Transcription HTML Handy Tool at DVinfo.net

Greg Paulson · August 2nd, 2009, 01:08 AM

Problem: How do you give a client the audio for an interview they need to listen to, as well as

the transcription metadata XML file so they can study roughly what was said?

Supposedly this metadata can be encoded with Flash, but I've got no idea how it displays it, what

you can do other than just look at it? I dunno.

Ok, I wrote this tool today, it's very, very basic, but if you know the code, there are hints

about how great this could evolve to become.

I can't expect my client to have Soundbooth kicking around, though it has features that are handy,

like renaming words, deleting words, so on.. things that someone can change to improve the

quality of the transcription and also get a better handle on picking out talking points. Those features are beyond what I have skills to do. But I can do this:

To use this code, you'll need to do a few VERY simple things.
#1 Grab this file. It's got two HTML files in there. Unzip the files into a folder somewhere.
Free File Hosting Made Simple - MediaFire

#2 Take the audio file (.wav, .mp3, whatever) and the resulting transcription file from Soundbooth , copy them to that above folder and rename the

.xml file to 'voices.xml'. The file name is fixed in the code. Easy to change.

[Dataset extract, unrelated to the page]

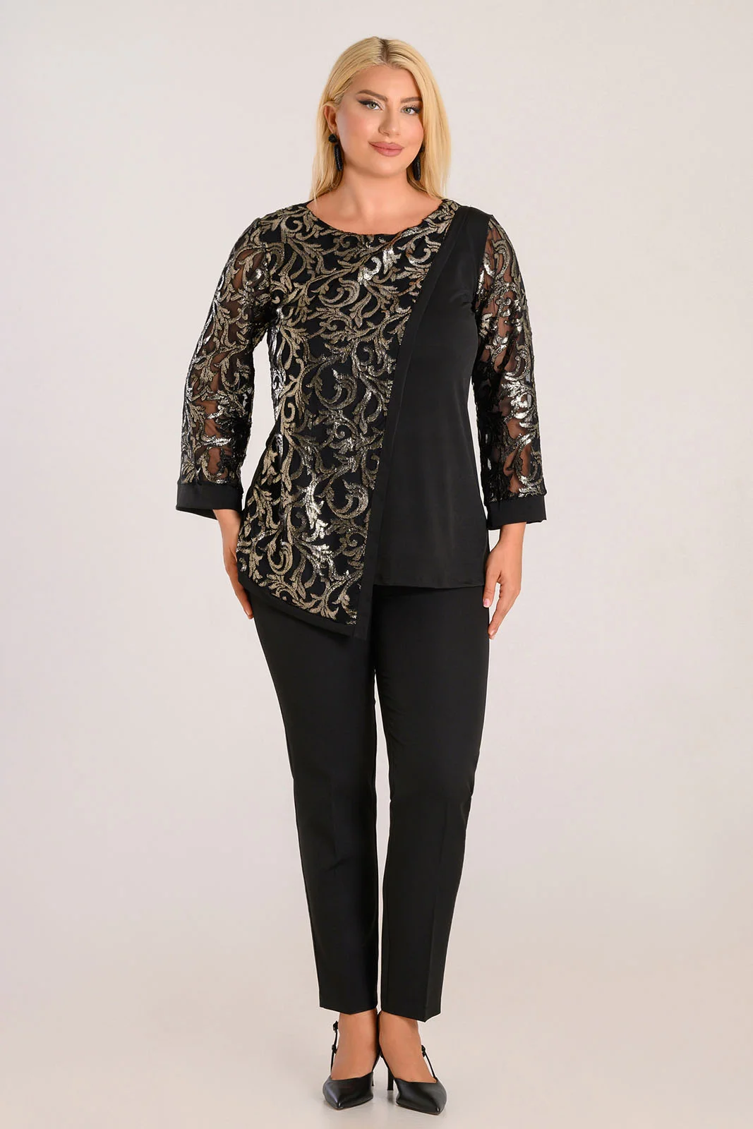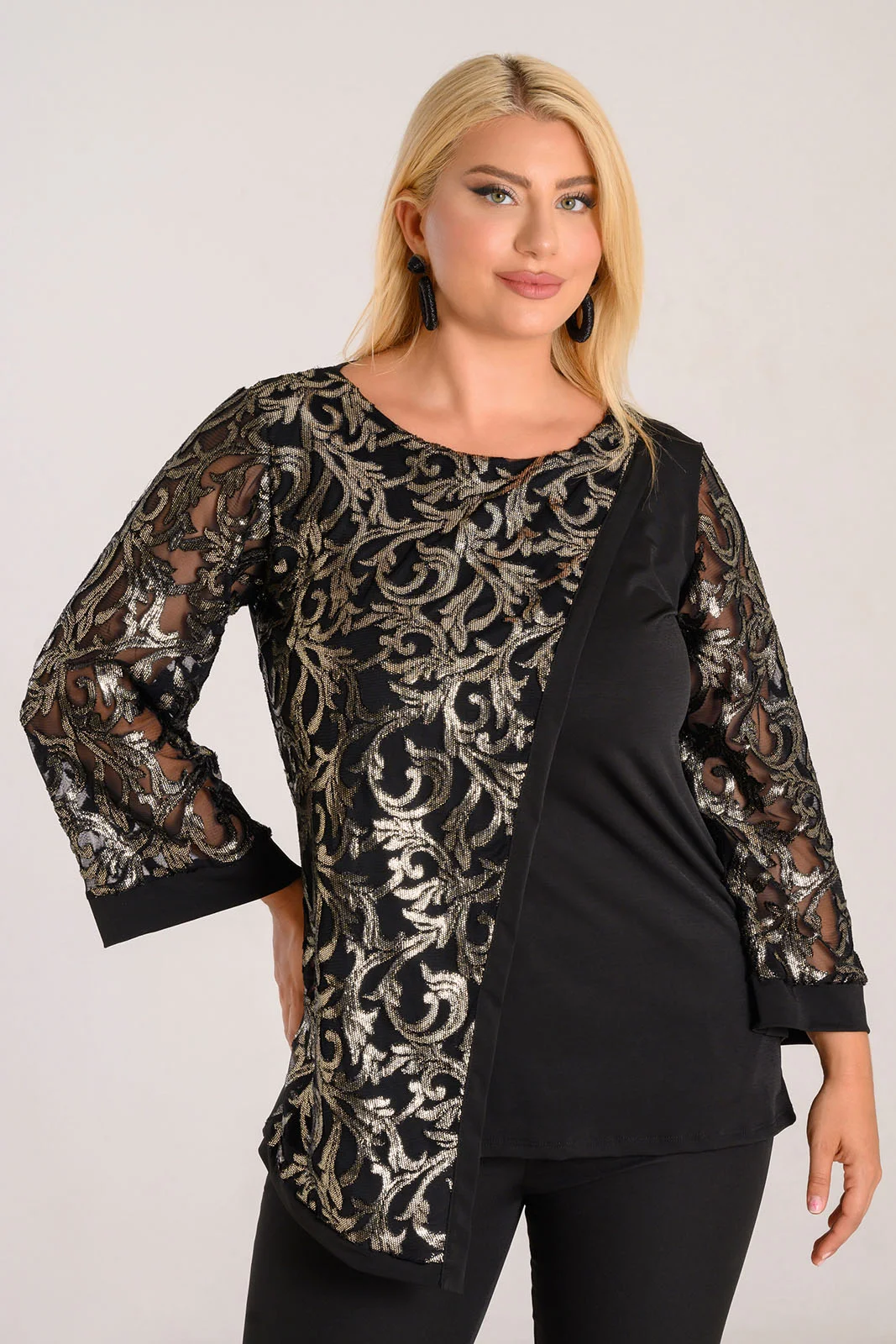 Μπλούζα με χρυσές λεπτομέρειες μπροκάρ ελαστικό.

#3 You need Media Player Classic. In the options tab, select Web Interface.
- Check Listen on port ##### (the default is 13579, check your firewall settings, though
shouldn't matter, everything serves from your localhost).
- Check Serve pages from: and select the folder where you put the files.
- Default Page should be the file named 'MPC.html'

#3 Open the audio file via Media Player. Pause it, play it, whatever.

#4 Open the following link in Firefox

http://localhost:13579/
or
http://localhost:13579/MPC.html

Two things are happening here. The first is a smaller window is being opened up (make sure you

allow popups from localhost). This window is just a simple workaround to a problem I have

submitting the data to the web server).
The other thing that is happening is the transcription file (voices.xml) is being parsed and made

ready to be displayed. I've set the max words shown to 1500. Increase that number if you choose.

You'll see displayed on the left a timecode starting at 00:00:00. To the right are 20 words.

Next line is another timecode, and another 20 words, and so it goes.

The timecode, as well as the words are clickable and will move the playhead of Media Player

Classic to the corresponding timecode.

So it's really easy to click around a document and then immediately hear the audio from that spot

in the transcription.

The down side is the transcription is SO off the mark, it's useless. I couldn't make heads or

tails of what I was seeing.

----
About the code:
I've got a few thing in there that would change the size or colour of the font according to the

confidence level of the transcription. Trouble words would be reder or taller than the more

accurate greener and smaller words. I ran into a few odd tag structures in one of my larger .xml

files and was getting errors parsing the confidence data, so I disabled this feature.
Confidence is always at at 40.

There is no feedback from Media Player Classic as to where it is in a document. I've not figured

out all the communication back & forths on this yet. What should happen is each word is

highlighted as it gets played out.

Time is only accurate to the second, since I'm not sure of any precise way of setting the

playhead. The metadata gives you millisecond accuracy, but that gets reduced by a factor of 1000

so Media Player Classic can be told where to skip to (expects times as '00:00:00').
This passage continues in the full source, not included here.